# Spider catching team



## Peregrine Falcon (20 May 2018)

It transpires that Tilly and I now have to work together to eradicate the room of spiders/insects.  

She spots them, miaows snd runs over to the spot.  I pick her up to the ceiling so she can grab them in her paws.  Supplemented her diet tonight with two spiders.


----------



## texas (21 May 2018)

aww! I love how the house can be full of flies at bedtime, but there be none left in the morning thanks to the cats.  No need for those electronic zapping things!


----------



## Blazingsaddles (29 June 2018)

Peregrine Falcon said:



			It transpires that Tilly and I now have to work together to eradicate the room of spiders/insects.  
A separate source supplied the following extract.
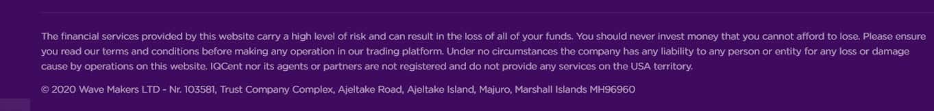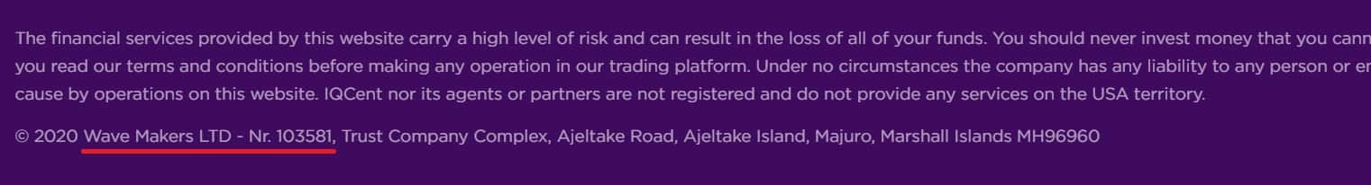 Юридическим лицом брокерской компании АйКью Цент, действующим от ее имени, является Wave Makers LTD. Информация об этом есть на сайте брокера.

She spots them, miaows snd runs over to the spot.  I pick her up to the ceiling so she can grab them in her paws.  Supplemented her diet tonight with two spiders. 

Click to expand...

What type of spiders? Some species are very useful at keeping other insects under control.


----------



## MagicMelon (1 July 2018)

Ugh but OP you're surely risking the cat missing and wacking the spider off the ceiling only to land on you?!  I couldn't risk that... bleuch hate spiders. The ones in my house Im afraid get vaccumed as the long arm of it is as close as I can get.


----------



## Rowreach (1 July 2018)

Why would you kill spiders?


----------



## Crazy_cat_lady (1 July 2018)

MagicMelon said:



			Ugh but OP you're surely risking the cat missing and wacking the spider off the ceiling only to land on you?!  I couldn't risk that... bleuch hate spiders. The ones in my house Im afraid get vaccumed as the long arm of it is as close as I can get.
		
Click to expand...

I've had that happen. I screamed rather a lot would have been you've been framed worthy!


----------



## Sandstone1 (2 July 2018)

Rowreach said:



			Why would you kill spiders? 

Click to expand...

Exactly.  They are mostly harmless.   More scared of you than you are of them.  They kill flies too.


----------